La course à la fréquence pour plus de pertinence a un coût pour les médias 

D’autres médias pourraient disposer de mesures plus pertinentes et plus fréquentes. La mesure radio a évolué (EAR) et son accélération pourrait être au rendez-vous parce que génératrice d’un bénéfice attendu par les régies, le média TV roi de l’audience mesurée pourrait même voir des transformations chez Médiamétrie...le digital jouit d’un très grand nombre de mesures qui complexifie, voire relativise la notion réelle d’audience. Tous demandent plus que jamais une neutralité de l’outil de mesure par une autorité tiers.

L’affaiblissement de l’audience comme indicateur de pertinence

L’audience d’un plan média ou d’un dispositif plurimédia est une notion relative.
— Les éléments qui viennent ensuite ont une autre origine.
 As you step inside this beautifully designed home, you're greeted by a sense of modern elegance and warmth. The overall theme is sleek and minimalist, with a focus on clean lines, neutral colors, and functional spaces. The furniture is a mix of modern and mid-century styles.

Elle était une finalité, il y quelques années encore (couverture / répétition / GRP ...), elle tend à devenir une étape vers un aboutissement plus complexe : la mesure des effets et de l’efficacité en retour, le ROI. Ce continuum de chiffres tend à minimiser l’audience cantonnée trop souvent dans la mesure de l’offre média plus que dans la performance d’un plan. 

Et si on parlait de l’audience des events ?  
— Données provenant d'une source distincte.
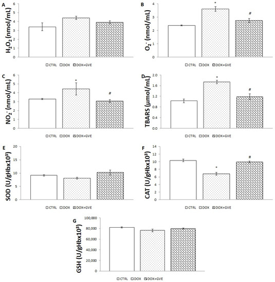 Effects of consumption of G. verum extract on the systemic oxidative stress parameters: (A) H2O2; (B) O2−; (C) NO2−; (D) TBARS; (E) SOD; (F) CAT; (G) GSH. Values are expressed as median. The upper bar shows the value of the third quartile and lower bar shows the first quartile (n = 8). * p < 0.05 compared to CTRL group; # p < 0.05 compared to DOX group.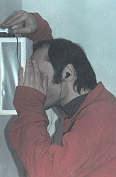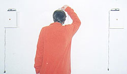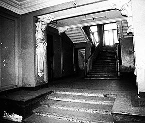 В том же духе оформлены и сами работы - дюжина совершенно одинаковых белых ящиков с встроенными в переднюю стенку дверными глазками, сквозь которые мы и видим интерьеры парадных. Эти глазки сильно ограничивают поле зрения, а главное - стушевывают края снимков, суггестируя тем самым продолжение иллюзорного пространства за пределы поля видимости.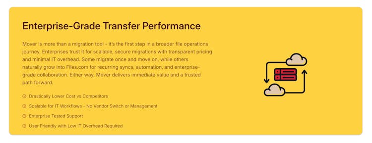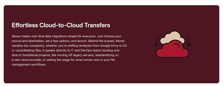 Mover is the ultra-reliable, cost-effective tool for one-time data migrations. Effortlessly transfer files between cloud and on-premises systems with transparent pricing as low as $0.15 per GB—no subscriptions, no hidden fees, just seamless migration.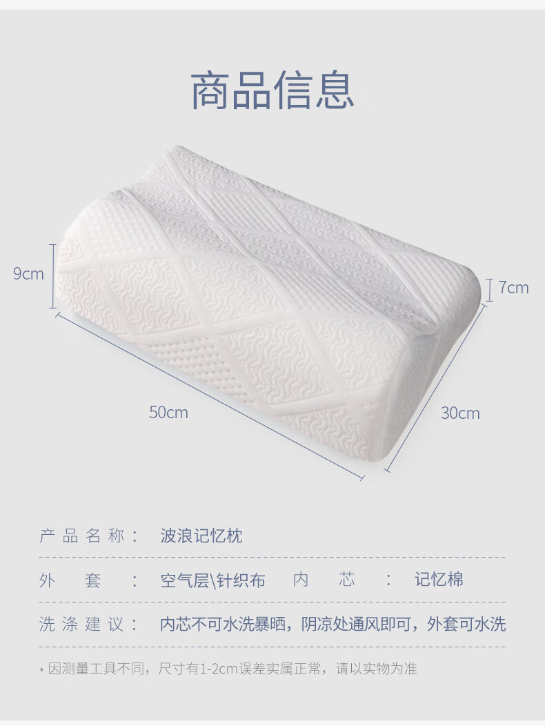 规格:35*55CM*1 面料:针织棉 填充:记忆棉 包装:无纺布包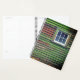 Ce planificateur a une photo d'une fenêtre et une maison avec de la vieille peinture verte dessus.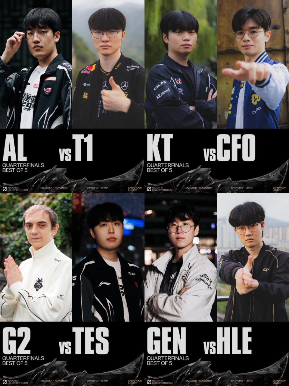 2025英雄联盟全球总决赛瑞士轮的所有比赛在25号晚上正式收官了,最终八支队伍成功晋级到了上海的淘汰赛阶段,他们分别是AL\T1\KT\CFO\G2\TES\GEN\HLE。而就在刚刚,八强赛阶段最重要的抽签仪式也结束了,最终的抽签结果如下: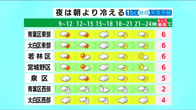 ■青葉区東部:最高気温6℃ ■青葉区西部:最高気温2℃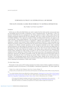 It is advisable to refer to the publisher's version if you intend to cite from this work. See Guidance on citing. To link to this item DOI: 10.1017/aju.2025.10015 Abstract/SummaryIn this essay, we will use the Haiti Cholera case study to explore how the victims and the socioeconomic turns are increasingly pivotal in the field of reparations as part of transitional justice. On December 1, 2016, UN Secretary General Ban Ki-moon apologized for the cholera epidemic in Haiti, an illness which arrived with Nepalese peacekeepers deployed after the 2010 earthquake. After years of silence and denial from the UN, the UN finally established a “New Approach to Cholera in Haiti,” promising material assistance and support to the victims through a “victim-centered approach.” The essay builds on our previous matrix used to clarify the debate made of two separate dimensions: the focus of reparations—collective versus individual—and the means of reparations—symbolic versus material.1 Based on fieldwork conducted in March 2017 in the communities most affected by the cholera outbreak, we demonstrate how the tensions between reparations offered by the UN (with a preference for collective symbolic reparations) and the reparations demanded by the victims (individual material reparations) can help explain why reparations were not fully (at best) successful in providing justice for the Haiti cholera victims and hopefully inform practice in this area for other UN trust funds and victims’ rights mechanisms. The first section discusses the specifics of the cholera crisis in Haiti and the subsequent Haiti Cholera Claims, including the sudden change of position by the UN in 2016 and the nature of reparations included in the New Approach to Cholera in Haiti. The second section looks at the reparations debate and the preferences expressed by the affected communities in Haiti. The third section puts the Haiti Cholera Claims in perspective, discussing the Kosovo Lead Poisoning case and the Mothers of Srebrenica case, both third party cases involving a UN peacekeeping presence like the Haiti Cholera Claims. Finally, the last section looks at the ramifications of the Haiti Cholera Claims and how reparations debates need to take into account wider structural factors impacting the development of third world countries.
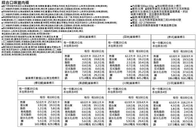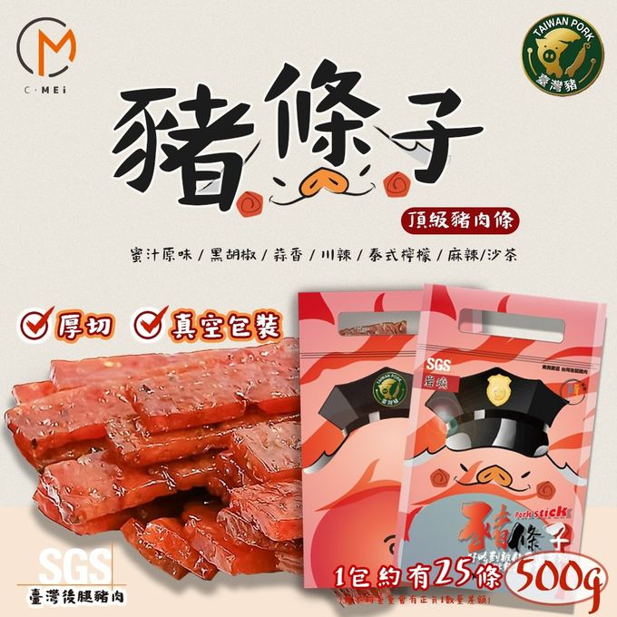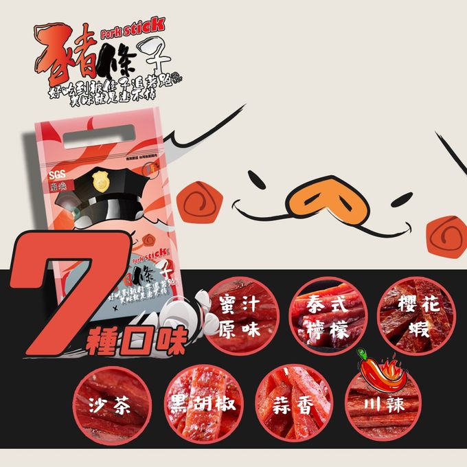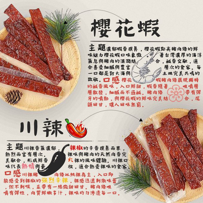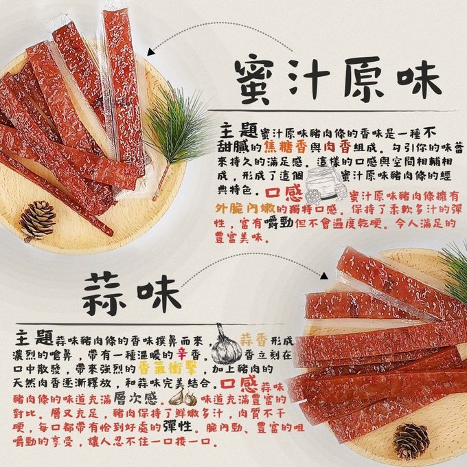 品名:台灣嚴選厚切多汁豬肉條 500gx2入 (蜜汁原味/蒜味/川辣/泰式檸檬/黑胡椒/沙茶/櫻花蝦/綜合)
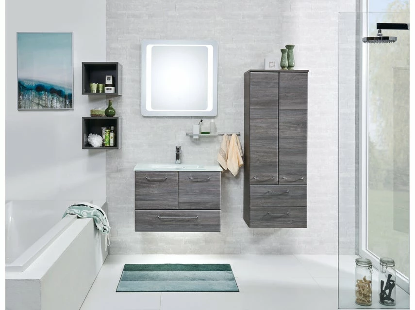 Der Waschtisch-Unterschrank Filino mit einem Korpus und Fronten in moderner Graphit Struktur Nachbildung überzeugt optisch und als Stauraumwunder in Ihrem neuen Badezimmer. Das Modell bietet Ihnen zwei Drehtüren und eine geräumige Lade für all die Dinge, die Sie täglich im Bad benötigen. Handtücher, Kosmetikprodukte und vieles mehr für die ganze Familie findet hier den perfekten Platz!
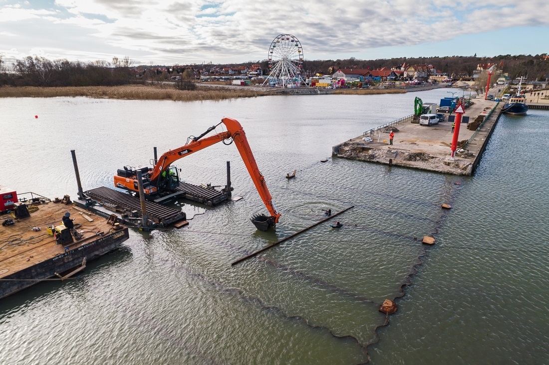 – W ramach przedsięwzięcia mamy do zrealizowania pirs wykonany w konstrukcji grodzy ze ścianek szczelnych. Obecnie zainstalowaliśmy nie tylko wszystkie ścianki szczelne, a także kleszcze i ściągi. Można powiedzieć, że zasadniczy etap konstrukcji grodzy mamy za sobą. Jesteśmy gotowi do rozpoczęcia robót zasypowych – mówi Paweł Śpiewak, kierownik robót hydrotechnicznych z firmy NDI, generalnego wykonawcy prac.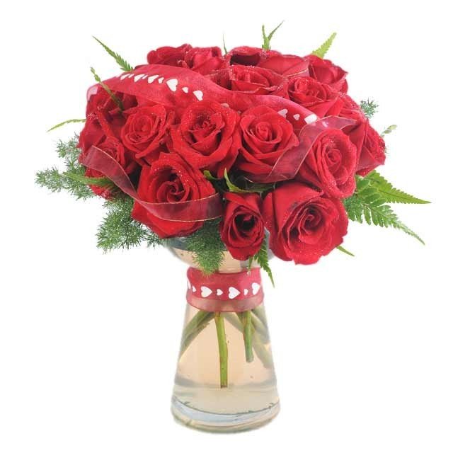 PRIMARY SIGNIFICANCEExquisite floral arrangement in a original vase with vibrant 24 red roses. The Red Rose not only carries more meaning than many other color roses, it is also one of the most universal of all symbols. Something so vibrant is meant to be shared with the loveliest being.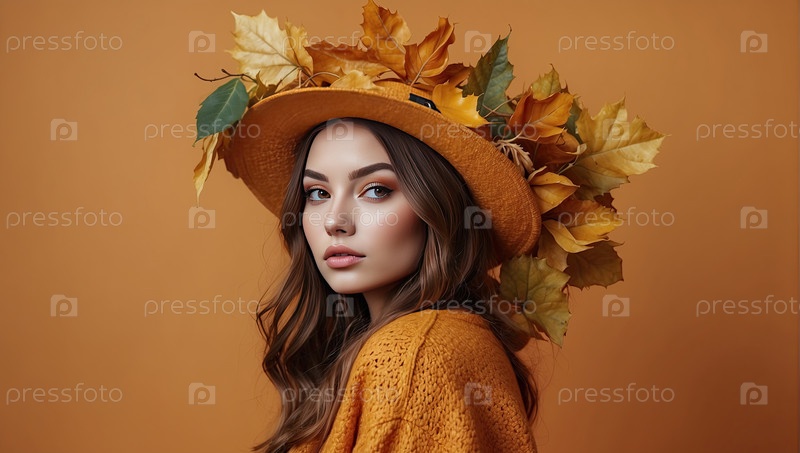Белая женщина в шляпе с желтыми и зелеными осенними листьями, портрет осенней красавицы, игривый стиль осени, сезонная мода

Pour l’instant, il n’existe pas de mesure d’audience des events.

Pourtant salons, conférences, summits ont des audiences, mais non mesurées. Dommage car plus les events se digitalisent plus ils se rapprochent du concept de média- one to many- et leur audience a du sens car elle peut être normée, quantifiée, profilée et comparée. Par les acteurs, par les outils et par un tiers certificateur de confiance. 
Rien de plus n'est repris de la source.